1) Compulsators tend to spin absurdly fast. But at the same time tend to be rather light. Even so… you'll need to check - it's entirely possible that you'll either need two in an opposed pair or you'll need some rather massive bracing to deal with the gyroscopic effects.

2) Ditto with straight reaction-wheel effects. If you have an opposed pair, and due to battle damage, etc, one of them fails to dump power, the entire opposed pair could easily tear itself out of whatever it's mounted to (unless it's braced as above).

3) It pretty much has to be magnetic bearings and in a vacuum. And even so it will spin down over time unless it's kept up to speed.

4) If it breaks apart, you might as well as have set off a bomb. Look up turbine engine failures, and remember that this is spinning much faster, and that kinetic energy scales as speed squared.
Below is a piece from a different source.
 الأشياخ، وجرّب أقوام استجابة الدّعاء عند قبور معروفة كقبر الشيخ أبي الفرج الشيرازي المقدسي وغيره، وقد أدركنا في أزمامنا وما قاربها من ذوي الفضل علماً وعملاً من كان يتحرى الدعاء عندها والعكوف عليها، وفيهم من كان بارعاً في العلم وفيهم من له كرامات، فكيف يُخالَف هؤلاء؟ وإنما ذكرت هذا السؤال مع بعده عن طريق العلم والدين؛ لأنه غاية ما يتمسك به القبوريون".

As for interesting power generation methods? Steam turbines are boring, but efficient to the point where it would be questionable to do much of anything else, unfortunately.

That being said, if you're using a liquid metal cooled reactor, it's possible that a magnetohydrodynamic generator would work. Normally it uses a hot plasma (i.e. some hot flames), but it wouldn't be implausible that a MHD could run on a liquid metal.

Again, see >>3655 on the discussion of very hot metals near seawater, though.